I thought that if I controlled what my girlfriend wore, it would stop other guys from looking at her ‘longkang’. I was wrong.

I tried to tell my girlfriend that she needed to dress more modestly when we went out.

I told her that if she wore something revealing, it would distract other guys and they would think badly of her.

I thought that if I kept her clothing choices conservative, I could keep her safe and protect her from unwanted attention.

At first, my girlfriend didn’t like it when I tried to control what she wore. She thought it was unfair and controlling.

She felt like I was trying to control her and make her feel ashamed of her body. She felt like I was trying to police her body and her choices.

I was wrong. By trying to control what my girlfriend wore, I was actually making her feel worse about herself.

I was telling her that her body was something to be ashamed of and that she needed to cover it up in order to be “acceptable”.

This was never my intention, but that’s how she felt.

It took me a while to realize how wrong I was.

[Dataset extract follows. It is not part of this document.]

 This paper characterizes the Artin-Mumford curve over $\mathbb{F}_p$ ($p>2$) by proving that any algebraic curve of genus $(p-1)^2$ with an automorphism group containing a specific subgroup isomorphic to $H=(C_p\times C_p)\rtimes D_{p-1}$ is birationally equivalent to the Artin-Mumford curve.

I realized that by trying to control what my girlfriend wore, I was actually making her feel worse about herself and her body.

She felt like I was policing her and making her feel ashamed of her body.

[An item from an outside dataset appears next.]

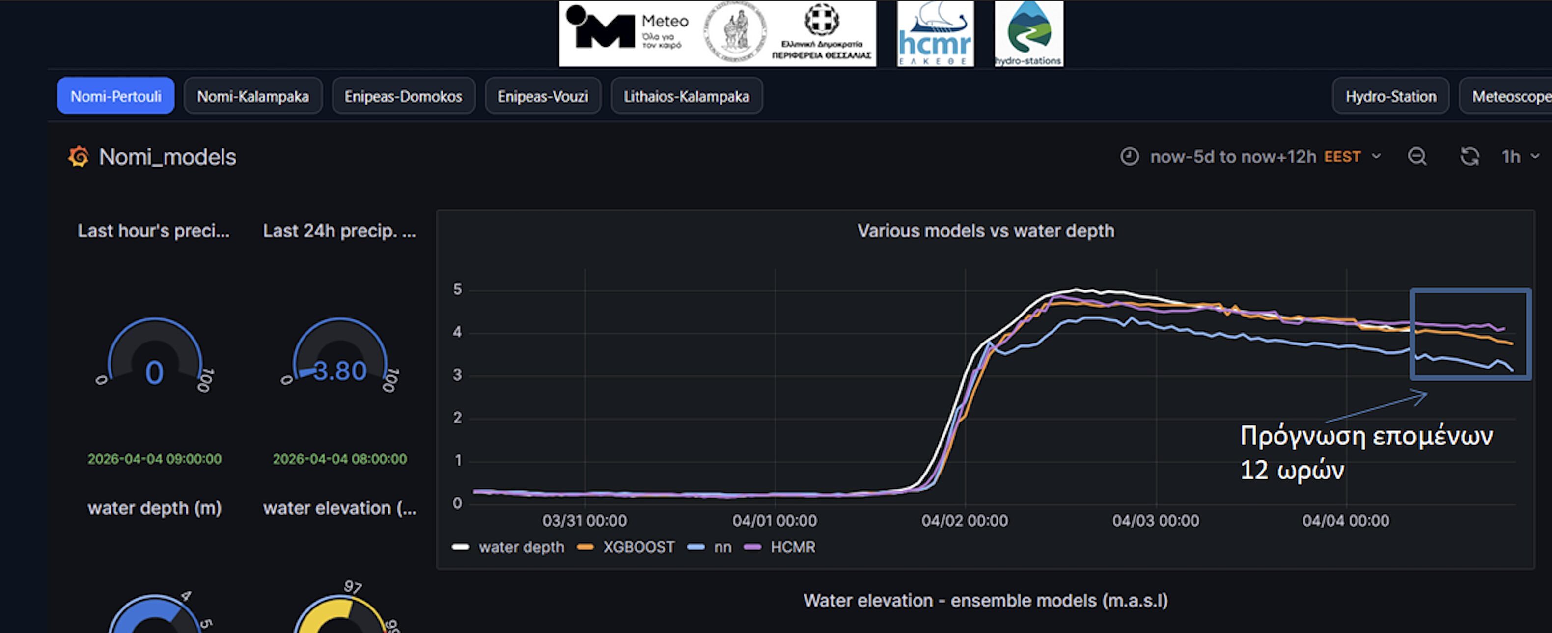 - ενώ παράλληλα ενσωματώνει δυναμικά τις πραγματικές μετρήσεις στάθμης από τους υδρολογικούς σταθμούς, βελτιώνοντας συνεχώς την ακρίβεια της πρόγνωσης.

I realized that the best thing I could do was to accept her body and her choices. I accepted that if she wanted to wear something revealing, that was her choice.

I also realized that if other guys were looking at her ‘longkang’, that was their problem, not hers.

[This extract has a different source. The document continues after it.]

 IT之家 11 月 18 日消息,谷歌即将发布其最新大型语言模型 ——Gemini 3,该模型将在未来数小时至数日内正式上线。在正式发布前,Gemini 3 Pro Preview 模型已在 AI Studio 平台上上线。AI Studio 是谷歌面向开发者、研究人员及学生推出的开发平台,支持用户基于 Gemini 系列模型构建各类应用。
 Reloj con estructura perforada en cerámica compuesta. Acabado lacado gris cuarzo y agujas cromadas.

I also realized that no matter what she wore, there will always be people who will judge her. People are going to judge her no matter what she wears, and that’s something I can’t control.

The only thing I can control is how I treat her, and that is to accept her body and her choices.

I now realize that by trying to control what my girlfriend wears, I was only making her feel worse about herself and her body.

I now accept her body and her choices, and I no longer try to control what she wears. I accept that she is in control of her own body and her own choices.